【スペシャル対談】葉月(lynch.) x 河村隆一、先輩・後輩という関係を超えたヴォーカリストが構築する信頼関係

ポスト

■独自性、葉月にしかできないことを続けていくことが第一
■やり続けていったら人が放っておかなくなると思う


――今回のアルバムには「Ray」も収録されています。こうしたカヴァーを聴いたり、自分自身やLUNA SEAからの影響を感じられる歌や音楽を耳にすることってあると思うんです。そんな時、どんな気分になるものなんですか?

RYUICHI:……どうだろう? 嬉しいな、とも思うのと同時に、僕が好きだったアーティストをこの人も好きなのかな、と思うかもしれない。僕、若い子たちによく「大好きなアーティストは誰?」って訊くんです。で、答えが返ってくると今度は「そのアーティストが好きなアーティストが誰だか知ってる?」って訊くんです。
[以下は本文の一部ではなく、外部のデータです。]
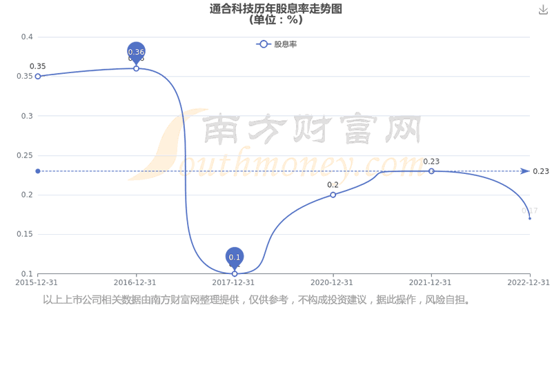 通合科技最新一次公布的分红方案为10派0.5元。本次权益分派股权登记日为2023年5月31日,除权除息日为2023年6月1日,派息日为2023年6月1日。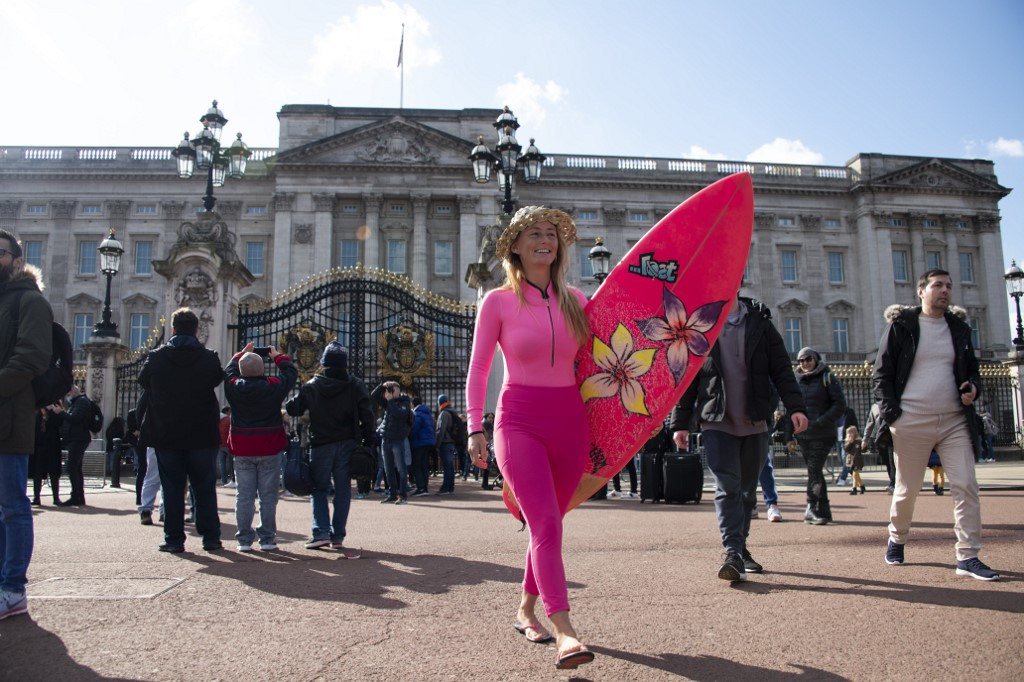 With a wide social media following, her aim is to "educate through entertainment" with spontaneous events in dramatic -- if unlikely -- spots, always in her signature pink, like her eco-friendly surfboard made from recycled coffee cups.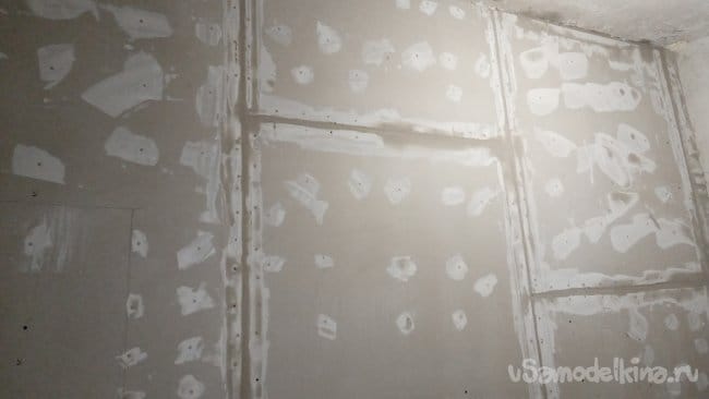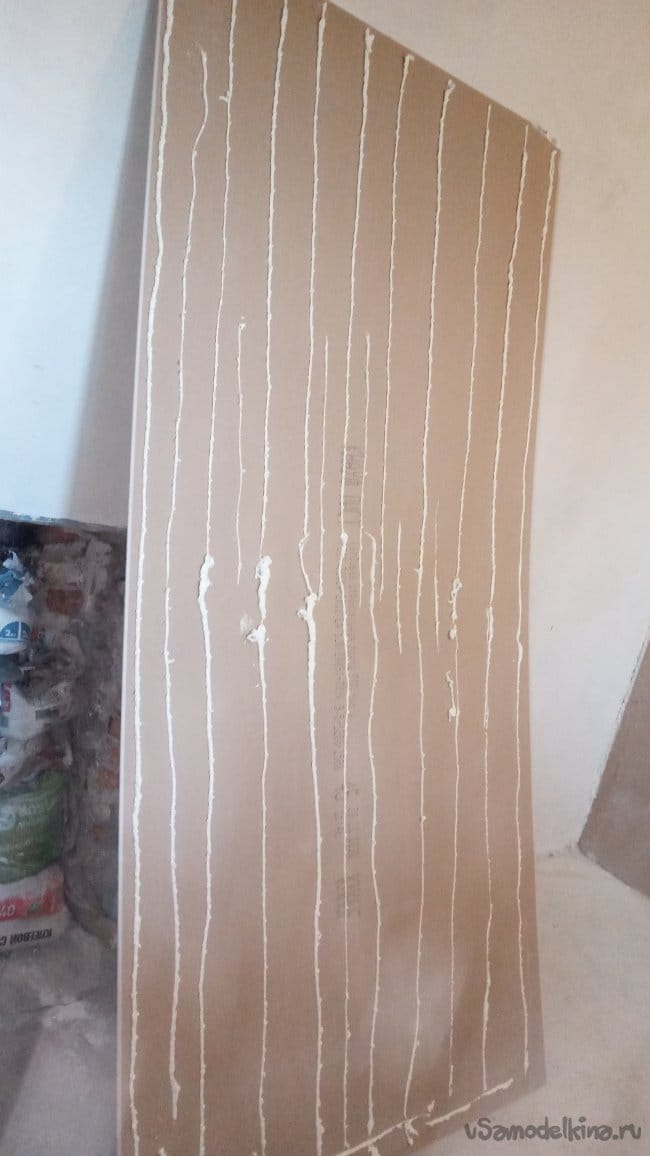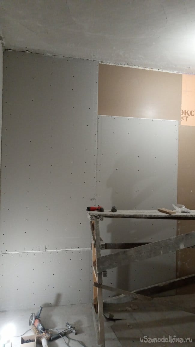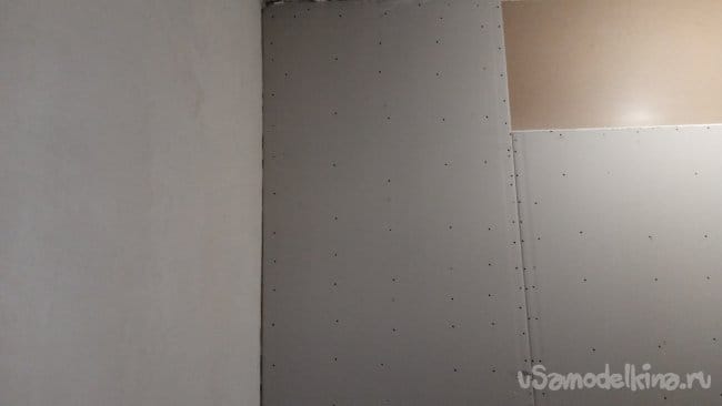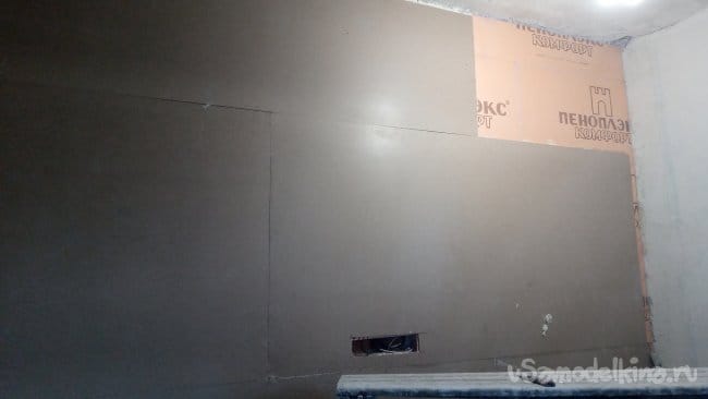 После застывания клея (благо, этот процесс много времени не занимает), я снова тщательно запенил все щели и сразу-же приступил к приклеиванию гипсокартонных листов:

で、真似するならその先祖のほうを真似しなさいって言うんです。好きなアーティストはずっと聴いてていい。敢えて意識しなくても勝手に真似ちゃうものだし、追い駆けようと思ってなくても仕草から何から真似してしまう部分が出てきてしまうものだから、それはそのままでいい。ただ、誰にでもかならず先祖がいるわけじゃないですか。そっちまで掘り下げていくと、もしかしたら大好きなアーティストの横でそのアーティストの話ができるかもしれないよって言うんです。

葉月:ああ、なるほど!

RYUICHI:しかも、そうすることですごくオリジナルになりやすいと思うんですよ。僕、音楽にパクりってもの自体がないと思ってる人間なんですね。ホントにメロディをそのまま抜いて持ってきたら駄目だけど(笑)、コード進行なんてもう出尽くしてしまってどれも似たり寄ったりになってしまってるし、そういう意味では声をパクるのも無理だし、パフォーマンスをパクるのも無理。もちろん、大好きだから誰々のライヴでのオープニングの登場の仕方を真似するとかね。70年代のデヴィッド・ボウイがこんなふうにしてたから俺もそんなふうに、みたいなのはあるかもしれないけど、それは「ああ、ファンなんだな」ってクスッと笑えるところだから置いといて(笑)。


▲『葬艶-FUNERAL-』【数量限定豪華盤】


▲『葬艶-FUNERAL-』【通常盤】

――しかも真似してみたところで完全に同じにはなり得ないわけですしね。

RYUICHI:そうなんですよ。そこで、たとえばジョン・レノンが大好きな人に影響されたなら、ジョンが大好きだったエルヴィス・プレスリーとか聴いてみればいいし、その人とプレスリーの話をするようになれたら面白いしね。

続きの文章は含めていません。